DIRECTIONS >>
Print every line of the material below exactly as it stands, but omit the pictures.

DATA >>
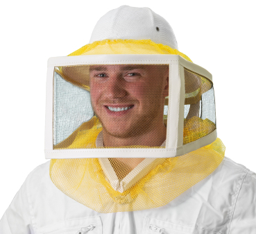 faltbar, hergestellt aus stabilem Drahtgeflecht und gelbem Schleierstoff. Augestattet mit je einem Gummizug oben und unten sowie einer Befestigungskordel. Sehr gut mit dem Sonny Imkerhelm oder dem Ami-Hut kombinierbar
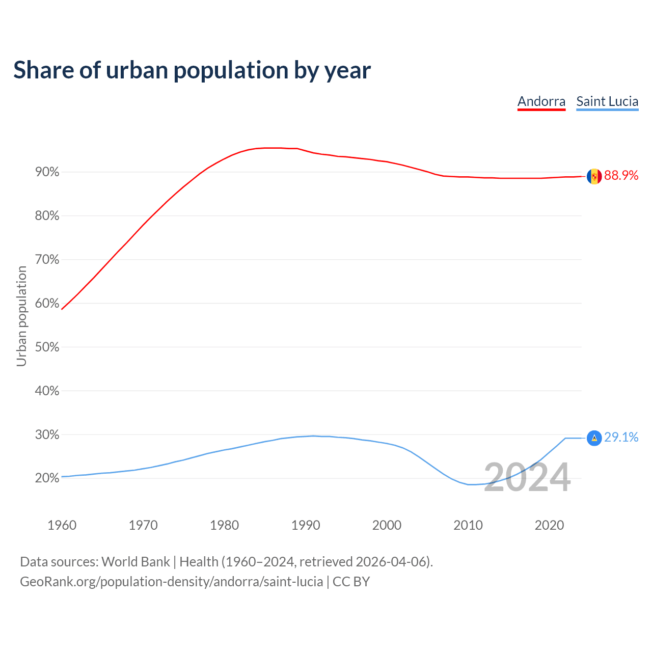 From 2004 to 2024, the share of urban population changed from 90.5% to 88.9% in Andorra and from 24.8% to 29.1% in Saint Lucia.
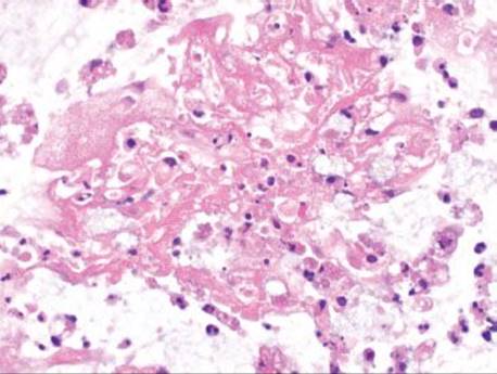 Figure 4.85 Pseudomembranous pattern. The crypt epithelium begins to slough and the lamina propria is edematous. The surface shows abundant fibrin and acute inflammatory cells.
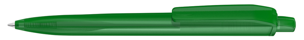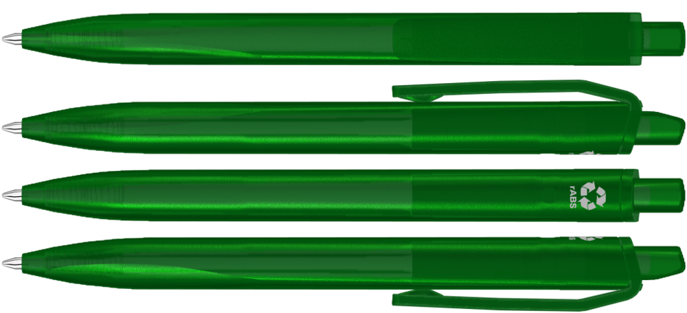 Retractable ballpoint pen with transparent frosted housing, clip and push-button made from recycled ABS plastic. Ergonomically shaped grip zone.
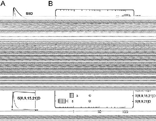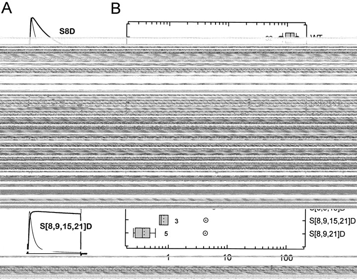 Figure 4. The rates of rapid inactivation of wild-type (WT) Kv3.4 and NH2-terminal S → D mutants. (A) Whole-oocyte currents evoked by 112-ms depolarizing pulses to +50 mV from a holding potential of −100 mV. Capacitive transients were subtracted using a scaled smooth template with no active currents (materials and methods). Each pair compares a mutant (thick trace) current and its corresponding wild type from the same batch of oocytes (thin trace). The solid horizontal line indicates the zero current level. Rates of rapid inactivation were determined as described in materials and methods. For mutant channels that exhibited very slow inactivation, long pulses (900 ms) were used to estimate the time constants of current decay. (B) Tukey box plot summarizing the data from wild type (WT) and mutants. Data were ordered from fast (top) to slow (bottom). Left and right borders of a box represent the 25th and 75th percentiles, respectively. Solid and dashed lines in the box correspond to the 50th percentile and the mean value, respectively. Left and right whiskers represent the 10th and 90th percentiles, respectively. Outliers are shown as •. The number of oocytes examined is indicated by the figure accompanying the boxes. Four oocytes expressing S[8,9,15]D were also examined. However, the time constants of inactivation from this mutant were not determined because it exhibited no inactivation in response to 900-ms pulses to positive membrane potentials. Open symbols with a dot represent the predicted rate of inactivation for multiple mutants assuming a simple additive effect of single mutations as described in materials and methods.

SOLUTION BELOW >>
 faltbar, hergestellt aus stabilem Drahtgeflecht und gelbem Schleierstoff. Augestattet mit je einem Gummizug oben und unten sowie einer Befestigungskordel. Sehr gut mit dem Sonny Imkerhelm oder dem Ami-Hut kombinierbar
 From 2004 to 2024, the share of urban population changed from 90.5% to 88.9% in Andorra and from 24.8% to 29.1% in Saint Lucia.
 Figure 4.85 Pseudomembranous pattern. The crypt epithelium begins to slough and the lamina propria is edematous. The surface shows abundant fibrin and acute inflammatory cells.
 Retractable ballpoint pen with transparent frosted housing, clip and push-button made from recycled ABS plastic. Ergonomically shaped grip zone.
 Figure 4. The rates of rapid inactivation of wild-type (WT) Kv3.4 and NH2-terminal S → D mutants. (A) Whole-oocyte currents evoked by 112-ms depolarizing pulses to +50 mV from a holding potential of −100 mV. Capacitive transients were subtracted using a scaled smooth template with no active currents (materials and methods). Each pair compares a mutant (thick trace) current and its corresponding wild type from the same batch of oocytes (thin trace). The solid horizontal line indicates the zero current level. Rates of rapid inactivation were determined as described in materials and methods. For mutant channels that exhibited very slow inactivation, long pulses (900 ms) were used to estimate the time constants of current decay. (B) Tukey box plot summarizing the data from wild type (WT) and mutants. Data were ordered from fast (top) to slow (bottom). Left and right borders of a box represent the 25th and 75th percentiles, respectively. Solid and dashed lines in the box correspond to the 50th percentile and the mean value, respectively. Left and right whiskers represent the 10th and 90th percentiles, respectively. Outliers are shown as •. The number of oocytes examined is indicated by the figure accompanying the boxes. Four oocytes expressing S[8,9,15]D were also examined. However, the time constants of inactivation from this mutant were not determined because it exhibited no inactivation in response to 900-ms pulses to positive membrane potentials. Open symbols with a dot represent the predicted rate of inactivation for multiple mutants assuming a simple additive effect of single mutations as described in materials and methods.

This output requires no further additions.